### DATA EXCERPT

=======

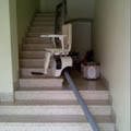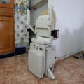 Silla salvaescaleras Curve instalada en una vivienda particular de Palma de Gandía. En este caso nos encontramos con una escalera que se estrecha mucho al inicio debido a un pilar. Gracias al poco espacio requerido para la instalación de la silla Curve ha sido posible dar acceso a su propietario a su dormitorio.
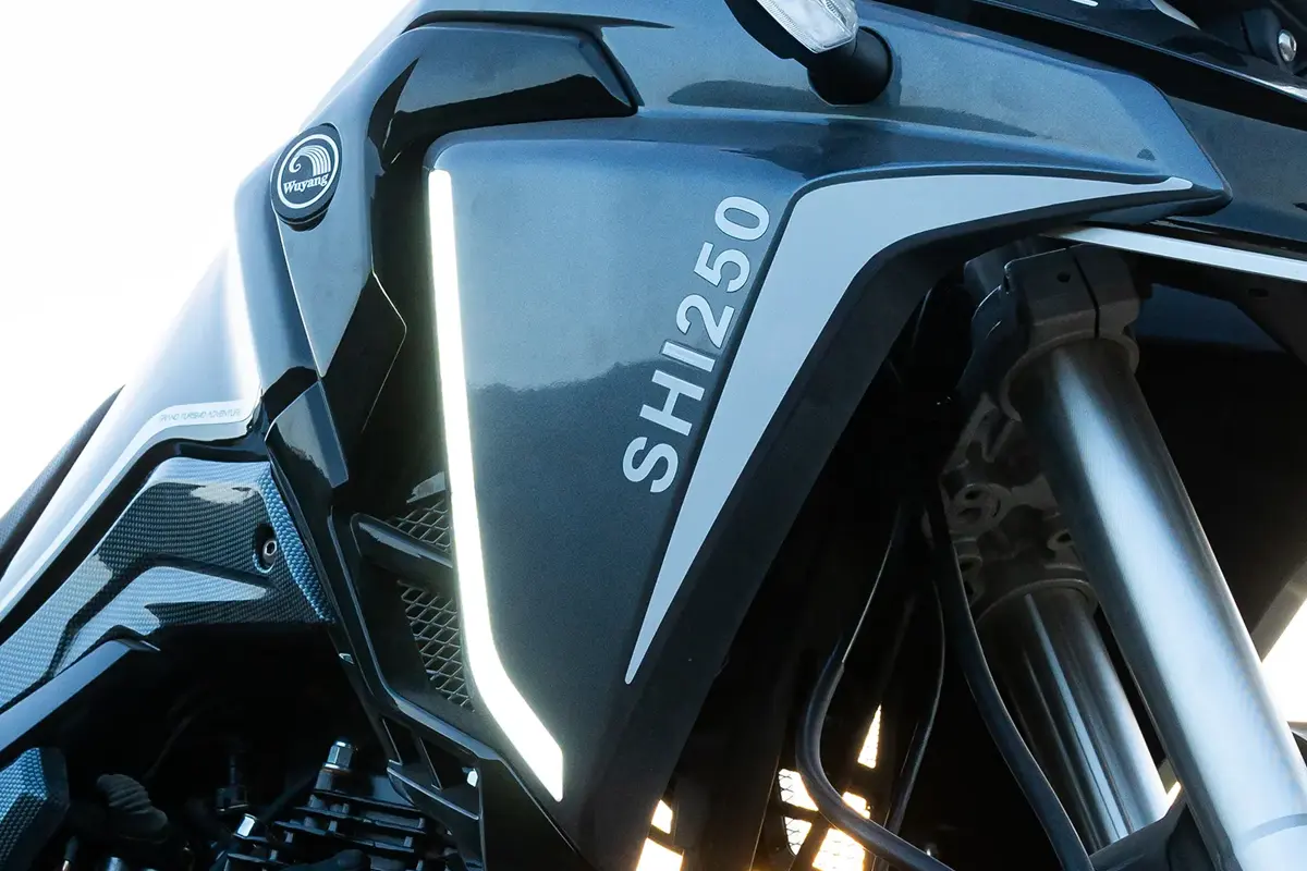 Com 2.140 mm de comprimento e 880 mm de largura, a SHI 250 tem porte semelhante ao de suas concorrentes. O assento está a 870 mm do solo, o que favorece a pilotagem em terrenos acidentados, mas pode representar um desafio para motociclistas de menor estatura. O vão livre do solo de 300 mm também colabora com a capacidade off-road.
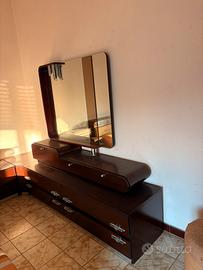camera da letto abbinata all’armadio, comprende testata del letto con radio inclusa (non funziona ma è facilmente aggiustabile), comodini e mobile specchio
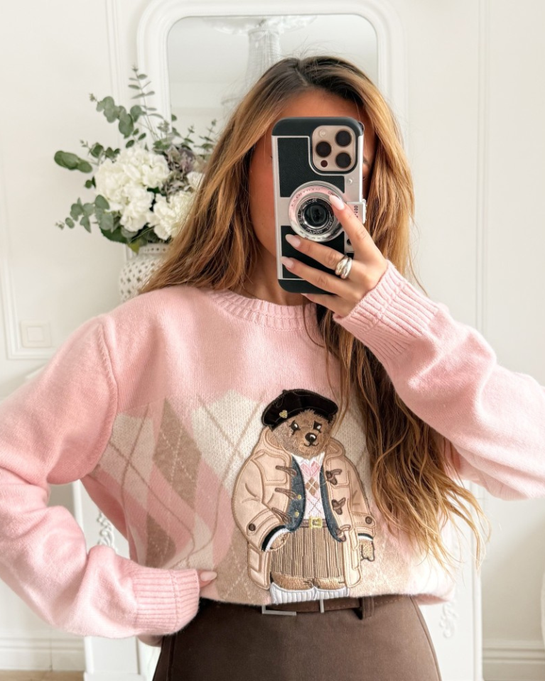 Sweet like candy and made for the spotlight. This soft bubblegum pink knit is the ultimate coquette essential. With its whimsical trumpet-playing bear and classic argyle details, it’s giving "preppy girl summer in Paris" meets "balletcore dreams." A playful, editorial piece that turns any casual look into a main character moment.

=======

### WORK TO BE COMPLETED
Would you mind transcribing the material exactly, without the pictures?

### RESULT OF THIS EXERCISE
 Silla salvaescaleras Curve instalada en una vivienda particular de Palma de Gandía. En este caso nos encontramos con una escalera que se estrecha mucho al inicio debido a un pilar. Gracias al poco espacio requerido para la instalación de la silla Curve ha sido posible dar acceso a su propietario a su dormitorio.
 Com 2.140 mm de comprimento e 880 mm de largura, a SHI 250 tem porte semelhante ao de suas concorrentes. O assento está a 870 mm do solo, o que favorece a pilotagem em terrenos acidentados, mas pode representar um desafio para motociclistas de menor estatura. O vão livre do solo de 300 mm também colabora com a capacidade off-road.
camera da letto abbinata all’armadio, comprende testata del letto con radio inclusa (non funziona ma è facilmente aggiustabile), comodini e mobile specchio
 Sweet like candy and made for the spotlight. This soft bubblegum pink knit is the ultimate coquette essential. With its whimsical trumpet-playing bear and classic argyle details, it’s giving "preppy girl summer in Paris" meets "balletcore dreams." A playful, editorial piece that turns any casual look into a main character moment.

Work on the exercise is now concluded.